Mashed potato with celeriac is an easy variation on the basic mashed potato.
If you've never tried this before, I think you will love it, because mashing other vegetable with potatoes is a tasty way to add more vegetables to your diet.Jump to Recipe
The idea for embellishing my mashed potatoes comes from my time working at Aphrodite’s Organic Cafe & Pie Shop in Canada.
We used to get boxes of vegetables from the farm on a daily basis. It was whatever was ready, and in season. Each day after I arrived for work, I’d assess what we had, and then I would create the dinner specials.
One of the vegetables we used to receive in abundance was celeriac. I wasn’t familiar with it, so this gnarly-looking root was a bit of a mystery at first.
Celeriac tastes similar to celery, except the sharp celery taste is made mellow and deep by the fact that this is a root vegetable. It is not the root of celery.
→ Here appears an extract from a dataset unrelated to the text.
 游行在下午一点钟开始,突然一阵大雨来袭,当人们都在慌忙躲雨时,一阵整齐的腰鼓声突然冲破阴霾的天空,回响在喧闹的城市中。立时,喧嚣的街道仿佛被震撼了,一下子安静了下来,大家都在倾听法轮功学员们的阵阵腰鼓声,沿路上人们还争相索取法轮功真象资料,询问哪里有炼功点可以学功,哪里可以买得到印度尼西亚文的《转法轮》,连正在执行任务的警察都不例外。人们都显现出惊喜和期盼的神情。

It is a different vegetable.
I soon learned from my mentor, David Alsop, former head chef at Tomato Fresh Food Cafe, how to work with celeriac.
Celeriac with potato is—dare I say?—even better than the original!
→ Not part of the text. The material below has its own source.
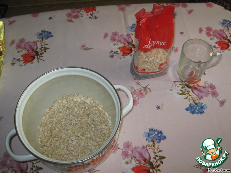 Берем емкость, высыпаем в нее 2 стакана геркулеса или овсянки.

He used to mix celeriac, or even turnip, with potatoes, for a new version of mashed potato that is—dare I say?—better than the original.
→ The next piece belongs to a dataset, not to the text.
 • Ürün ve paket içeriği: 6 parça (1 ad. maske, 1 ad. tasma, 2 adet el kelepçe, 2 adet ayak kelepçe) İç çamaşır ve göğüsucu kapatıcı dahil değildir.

The reason it’s better is how the celeriac adds an underlying depth of flavor, and breaks up the goopy starch tendencies of the pure potato with something relatively more fresh and light.
One the greatest things about mashed potato with celeriac root is how it makes it super easy to add celeriac to your diet.
My guess is that you don’t eat celeriac very often. I know, because it is one of those vegetables that when I arrive at the supermarket checkout, the cashier usually asks me what it is.
As a side note, celeriac is also great roasted with a bit of olive oil, added to scalloped potatoes, or blanched in boiling water and served hot, tossed with butter and a bit of salt and pepper. Thank you David!
Vegan mushroom gravy ... Yes!
As for the gravy, I think this is also a special recipe. I wish I could say I also learned it from my mentor, but I did not. I learned it from the New York Times.
Of course, I went and changed their recipe to make it more to my liking, but the basic idea is the same.
The base of this recipe is extra virgin olive oil, onions, and portobello mushrooms.
You caramelize these ingredients really well to build up savory flavor, and then you season with black and white pepper, salt, red wine vinegar, and fresh thyme.
It is really amazing how yummy it tastes. Simple, but a worthy substitute for meat-based gravies.
Are you ready to go gourmet for your mashed potato fix this holiday season?
Mashed Potatoes with Celeriac Root & Vegan Mushroom Gravy
Ingredients for the Mashed Potatoes with Celeriac Root
- 4 cups Russet potatoes, chopped
- 2 cups celeriac root, chopped
- ½ cup plain yogurt or sour cream, (for vegan, sub with plant-based milk)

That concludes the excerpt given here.